Bibijako Dive (Auntie Day) is a religious holiday celebrated by the majority of Orthodox Christian Romani people and, to a lesser degree, Muslim Roma from the Balkans and in the diaspora. Bibi is celebrated as a healer and protector of the family and children's health, and is the Roma version of the Hindu goddess Shashthi. Each region has its own date for the holiday; as is explained by legend, Bibi traveled to different places on different dates and performed healing. The dates of the holiday are associated with Easter fasting and are therefore mobile. Among Eastern Orthodox celebrants, the presence of a priest is obligatory (even though Auntie Bibi is a non-canonized saint).
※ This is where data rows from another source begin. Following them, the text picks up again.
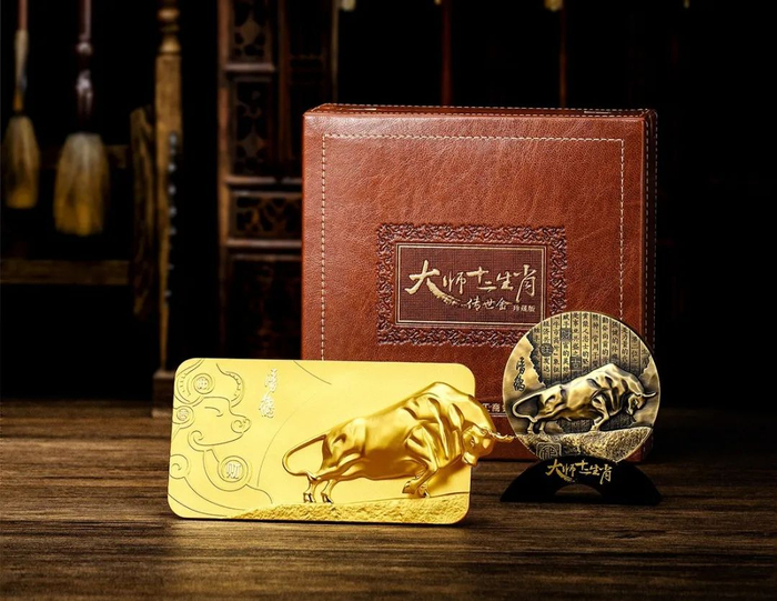 工行此次首发的《大师十二生肖传世金·奋进牛》是该系列的第二款产品。该款产品套装包含金条和铜章两大主体,在创作和工艺上都较去年有了新的突破,其中金条采用以中国传统的“失腊法”与现代创新工艺完美结合,让潘鹤大师刻刀倾注的“奋进牛”,拔金而起,全新冲破边框的造型,充满了视觉美感和冲击力。
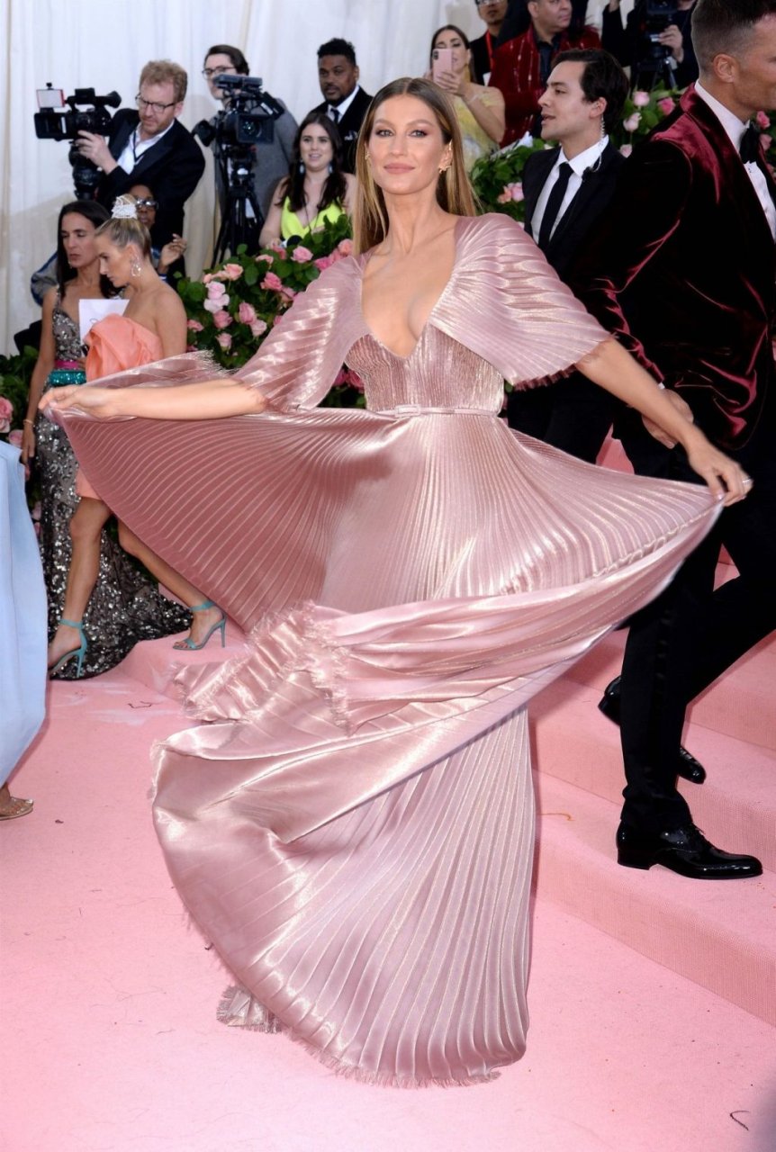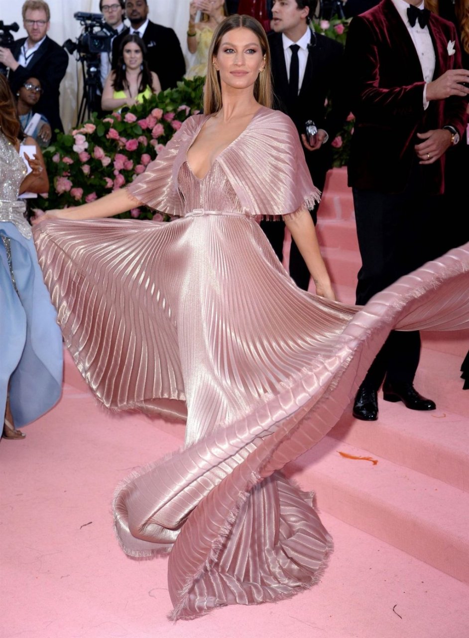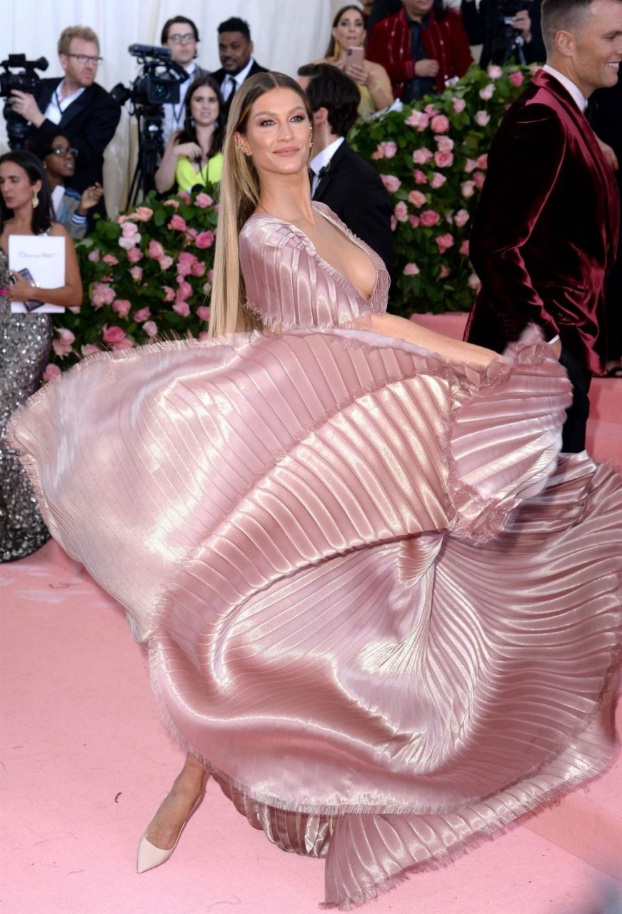 A supermodelo brasileira Gisele Bündchen exibiu seu decote usando um lindo vestido rosa no MET Gala 2019 em NYC, 06/05/2019. Ela apareceu no tapete rosa com seu marido, o jogador de futebol Tom Brady.
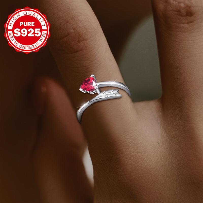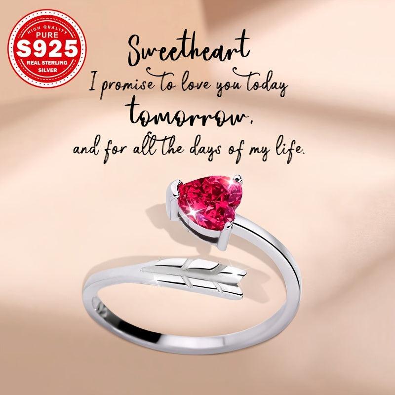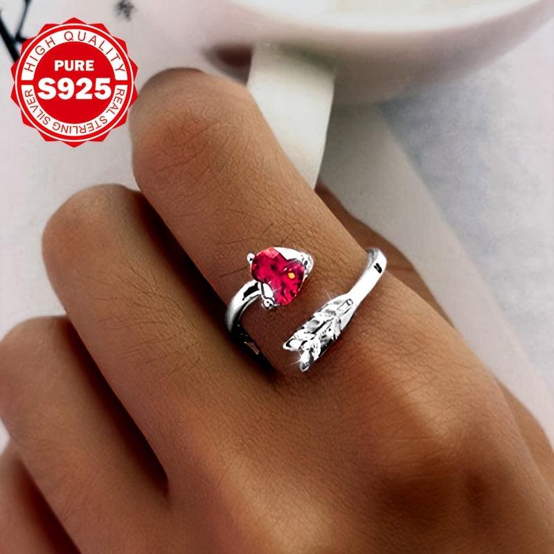 Express your love and commitment with this unique red zirconia ring featuring Cupid's arrow on sterling silver.
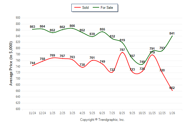 January 2026 Average For Sale Price was Appreciating and Average Sold Price was Depreciating**
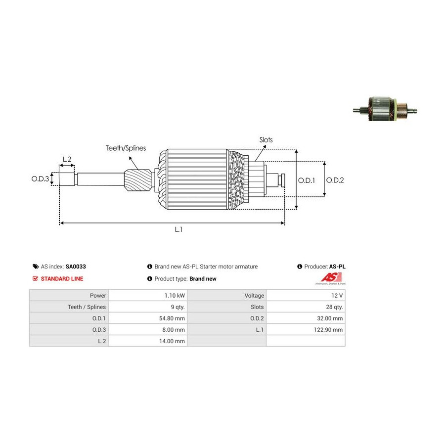Ytterdiameter [mm] 54,80 Spänning [V] 12 Tandantal 9 Kvalitet Standard line Längd 1 [mm] 122,9 Rotationsriktning Rotation medsols Garanti 2 år Ny del utan deposition Startmotorns effekt [kW] 1,1 -
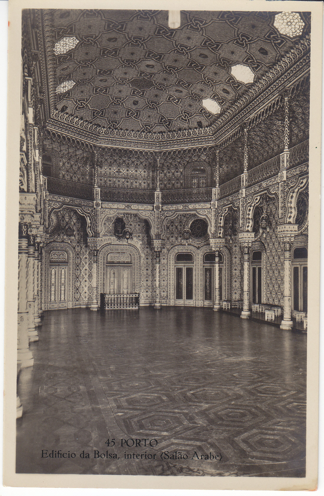 POSTCARD #008 45 Porto, Edificio da Bolsa, interior, Salao Arabe, Edição de C. Conseil de Vasconcellos. Tabacaria Africana. Porto [Portugal]. 5.5" x 3.5" VG

In different cultural milieus, Bibi is also called Healer Bibi or Bibiyaku. In Romani, "bibi" means "aunt"; the diminutive of which is "bibiori". Auntie Bibi's holiday was listed in the National Register of Intangible cultural heritage of Serbia in 2019.

Bibi is one of the few Roma Slava household deities. In addition to Bibi, many Roma families celebrate its own Slava (such as Babo Fingo at Kakava), as well as other religious holidays, such as Easter, Christmas, and Bayram (Turkey).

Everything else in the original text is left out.